HTC One review

Metal versus plastic; who wins?

HTC One review

After a few lean years of declining sales, HTC had to make amends. In order to achieve this, they have been investing heavily in their new flagship, the HTC One, since the beginning of this year.

After the camera was announced in mid-February, final availability was delayed due to a shortage of parts for the camera, and there was also a dispute with Nokia about the technology used in the microphone.

In order for the One to take first place in 2013, HTC not only throws in a sleek and refreshing design, but also a new camera technology and a substantial marketing budget. The innovation is continued in the Sense interface, which is shown on a 4.7 inch screen with 1080p resolution. Nevertheless, the competition with the Samsung Galaxy S4, Sony Xperia Z and Nokia Lumia 920 won't be easy.

What's with the device?

As the HTC One is an unibody phone we do not find a loose battery in the box because it is already in the device. Another consequence of the design of the One is the fact that the microSIM card has to be placed in the device with the help of a small 'drawer'. To eject this drawer, a small metal pin is stuck in the box on a piece of paper with instructions.

HTC One box contents

We also find some more paperwork in the box, a USB cable with adapter plug and of course a headset. Although HTC still has a partnership with Beats audio, and this is also clearly mentioned on the back of the device, there is no clear reference to it with the headset. It is true that the rubber sleeves are bright red and the cord is flat instead of round, but otherwise the earplugs look rather cheap.


Everyone will immediately notice that the HTC One is blessed with a special appearance. It looks very luxurious and solid. This is mainly due to the generous use of aluminum but also because the other materials are processed with precision and it fits tightly together.
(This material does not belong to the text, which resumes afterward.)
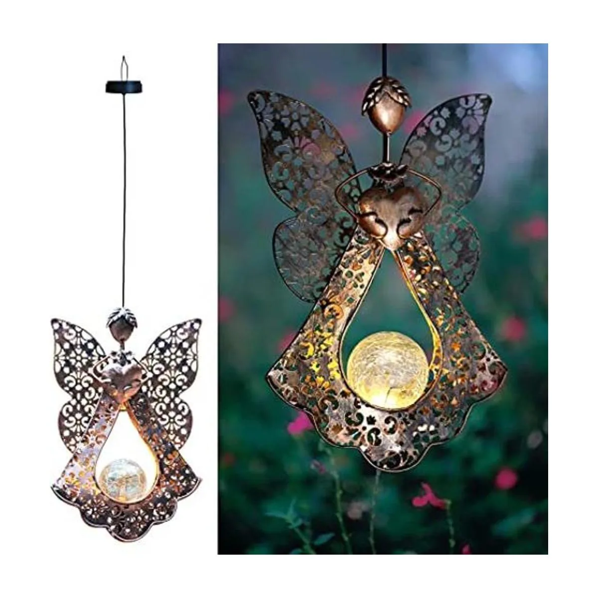 GOODME Luces solares colgantes para exteriores, impermeable, farol solar LED, regalo conmemorativo de ángel de metal, con globo agrietado, decoración de cristal para porche, patio, patio, jardín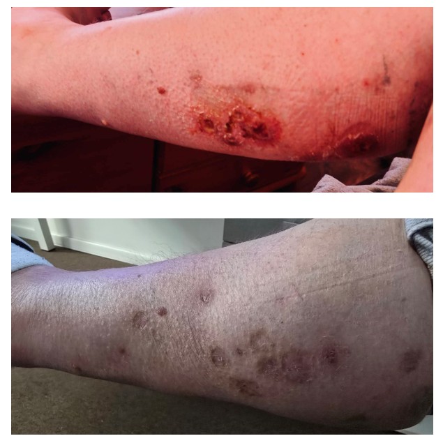 - Nález z ledna 2024, při léčbě mykofenolátem mofetilem. Na bérci jsou patrné rozsáhlé ložiskové kožní defekty s centrálními erozivně-ulcerovanými plochami krytými žlutohnědými krustami a hemoragickými příškvary. Okraje lézí jsou nepravidelné, s červenofialovým lemováním, v okolí je přítomen erytém a mírný edém.

At the front there are two aluminium strips above and below the screen, each with a grid-shaped recess. Behind each grid is a powerful loudspeaker and at the top also a notification light. Above the screen there is also a camera and some sensors. Above all, there is a lot of space left for the screen. With nice narrow and tapered edges at the sides and two touch-sensitive buttons at the bottom. This is the first peculiarity that HTC has incorporated in its versions of Android phones. Except for the fact that the Home button is in a slightly uncomfortable place, the One has no menu or multitask button. For both functions, HTC had to come up with an alternative that we'll come back to later.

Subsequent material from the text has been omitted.